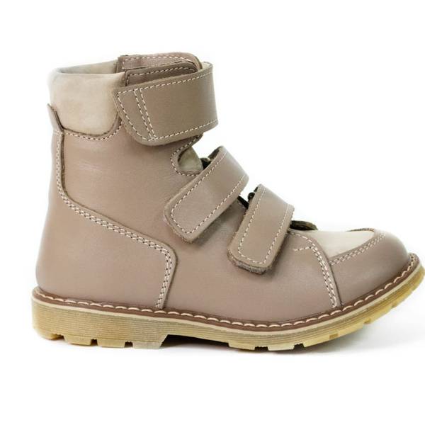 Ortho Kuban-Yug M-535B orthopedic boots offer practical comfort for children during cooler months. Crafted from genuine leather for durability, softness, and style, these boots feature a warm, breathable fleece lining to maintain a comfortable foot climate. The versatile beige color suits both boys and girls. Three Velcro straps ensure a secure and easy fit, perfect for active children. Ideal for everyday wear and outdoor activities in cool weather, the M-535B is designed to address various foot conditions, including unfixed equinovarus or valgus deformity, planovalgus and planus varus deformity, dropped foot, ankle instability, and leg length discrepancies up to 2cm, as well as fixed equinus deformity up to 2cm in height. The anatomical design promotes proper weight distribution, improving posture and overall musculoskeletal health. Available in sizes 25-31 (preschool and early elementary school ages), with custom-fitting options available for unique foot needs and alternative color choices.
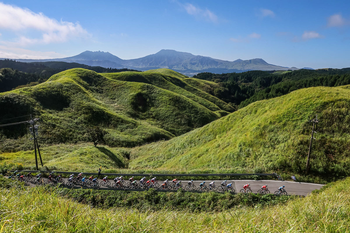 ツール・ド・九州2日目は熊本県でのステージ。阿蘇山の北に位置する南小国町をスタートし、世界最大級の阿蘇山カルデラの中に設定された1周30.36kmの周回コースを2周したのち、南阿蘇村にフィニッシュする114.85km。周回コース部分には1級山岳2回、スプリントポイントは周回部分2回とコース終盤に1回の計3回設定される。
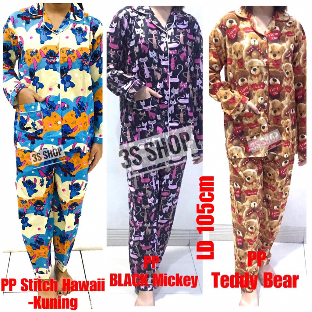 Baju Tidur Dewasa Piyama Panjang Pp Katun Jepang Kitty Teddy Bear
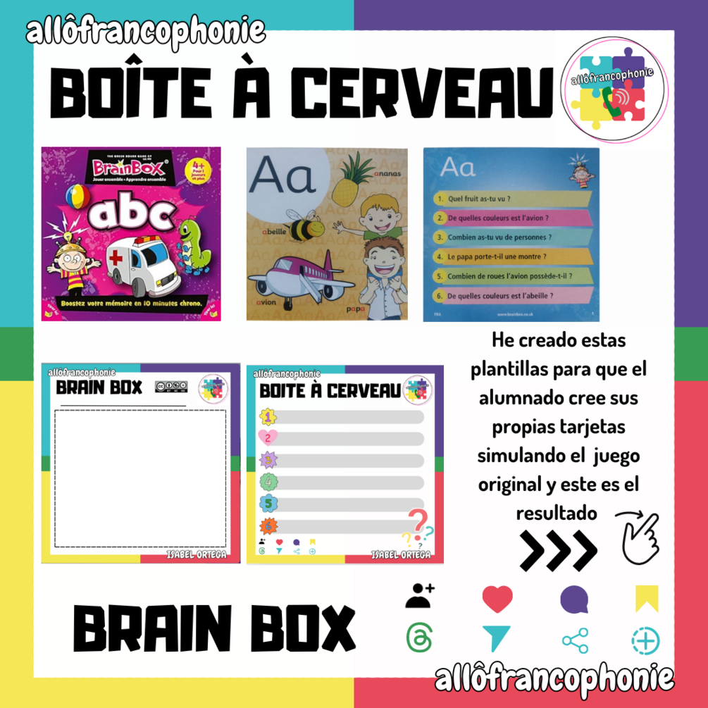 Plantillas inspiradas en el juego BrainBox, para que los estudiantes puedan diseñar sus propias tarjetas educativas.
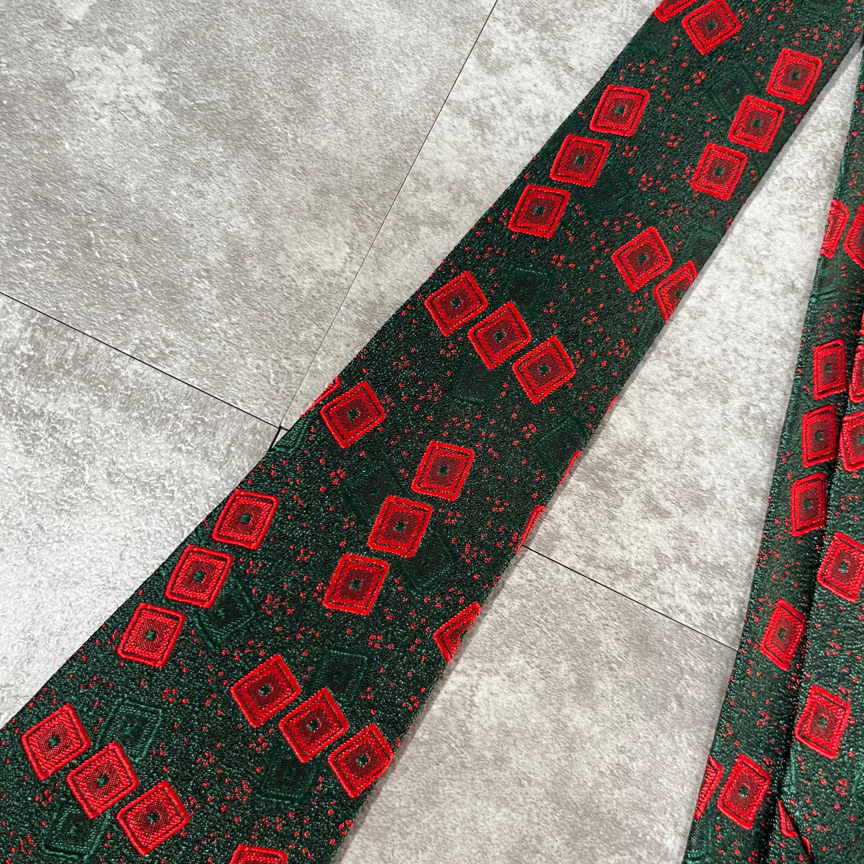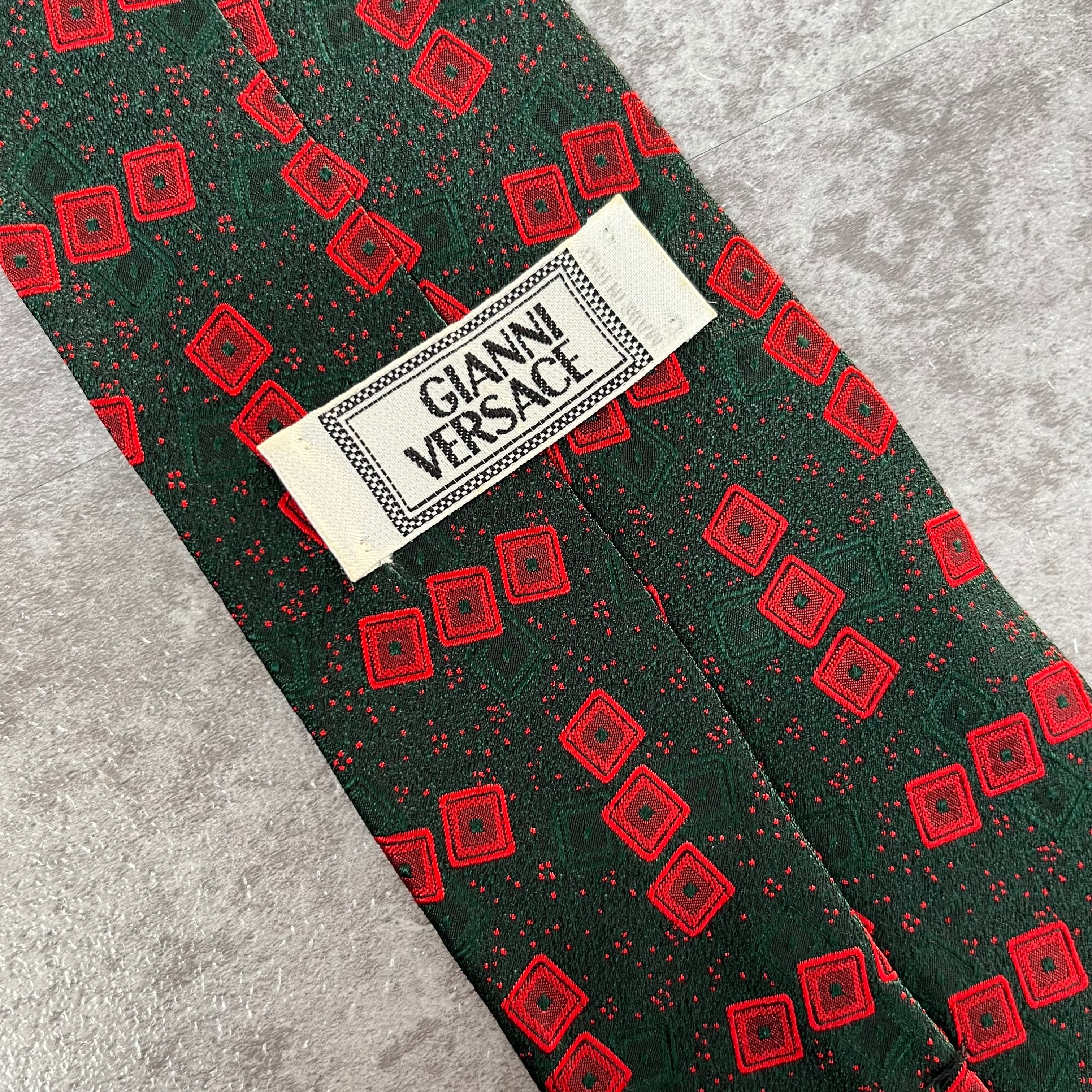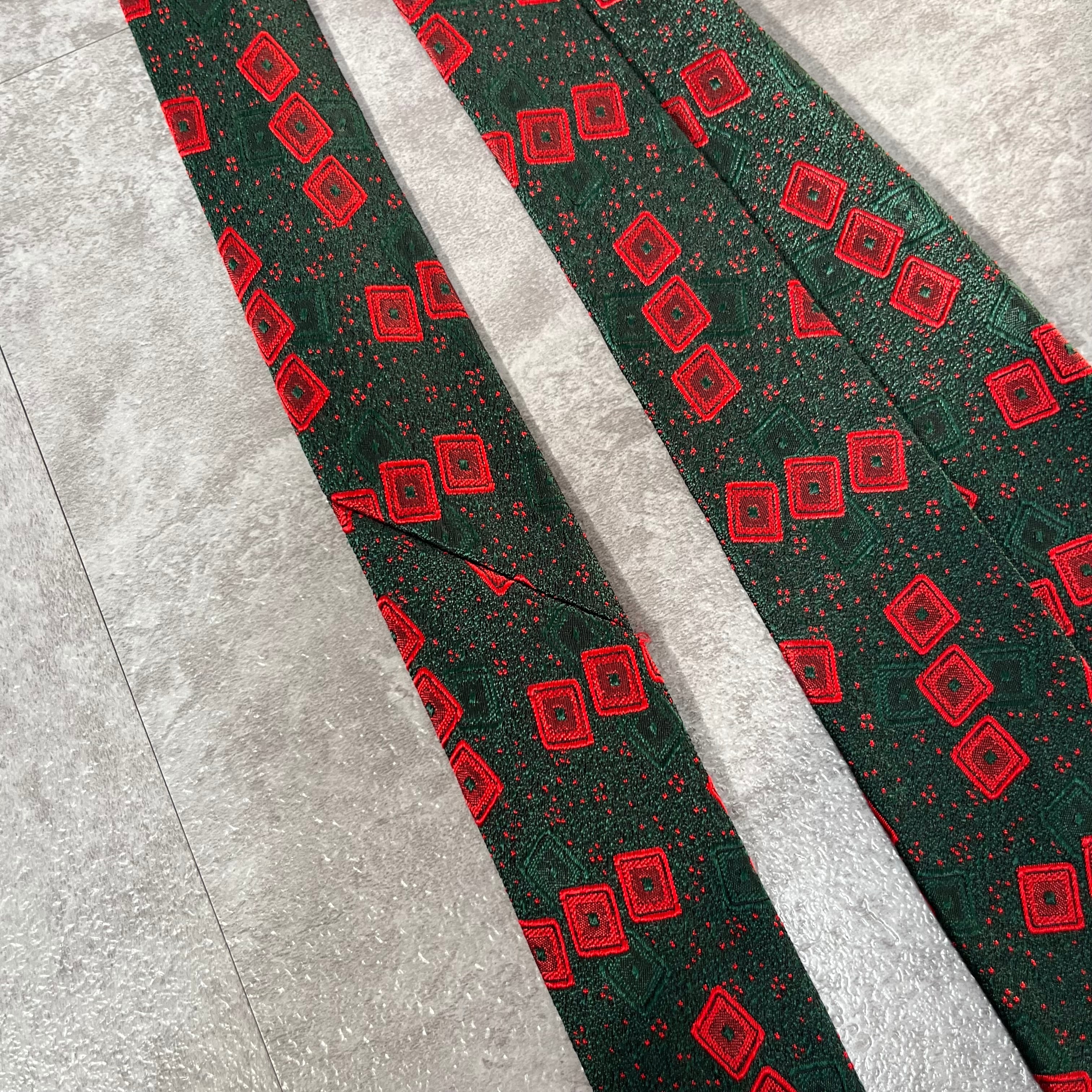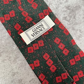 【Versace】バイカラーネクタイ グリーン レッド 小紋柄 パターン

◆ **YOUR TASK**
Copy every line of the listing above exactly. Leave each picture out.

◆ **RESULT OF THE EXERCISE**
 Ortho Kuban-Yug M-535B orthopedic boots offer practical comfort for children during cooler months. Crafted from genuine leather for durability, softness, and style, these boots feature a warm, breathable fleece lining to maintain a comfortable foot climate. The versatile beige color suits both boys and girls. Three Velcro straps ensure a secure and easy fit, perfect for active children. Ideal for everyday wear and outdoor activities in cool weather, the M-535B is designed to address various foot conditions, including unfixed equinovarus or valgus deformity, planovalgus and planus varus deformity, dropped foot, ankle instability, and leg length discrepancies up to 2cm, as well as fixed equinus deformity up to 2cm in height. The anatomical design promotes proper weight distribution, improving posture and overall musculoskeletal health. Available in sizes 25-31 (preschool and early elementary school ages), with custom-fitting options available for unique foot needs and alternative color choices.
 ツール・ド・九州2日目は熊本県でのステージ。阿蘇山の北に位置する南小国町をスタートし、世界最大級の阿蘇山カルデラの中に設定された1周30.36kmの周回コースを2周したのち、南阿蘇村にフィニッシュする114.85km。周回コース部分には1級山岳2回、スプリントポイントは周回部分2回とコース終盤に1回の計3回設定される。
 Baju Tidur Dewasa Piyama Panjang Pp Katun Jepang Kitty Teddy Bear
 Plantillas inspiradas en el juego BrainBox, para que los estudiantes puedan diseñar sus propias tarjetas educativas.
 【Versace】バイカラーネクタイ グリーン レッド 小紋柄 パターン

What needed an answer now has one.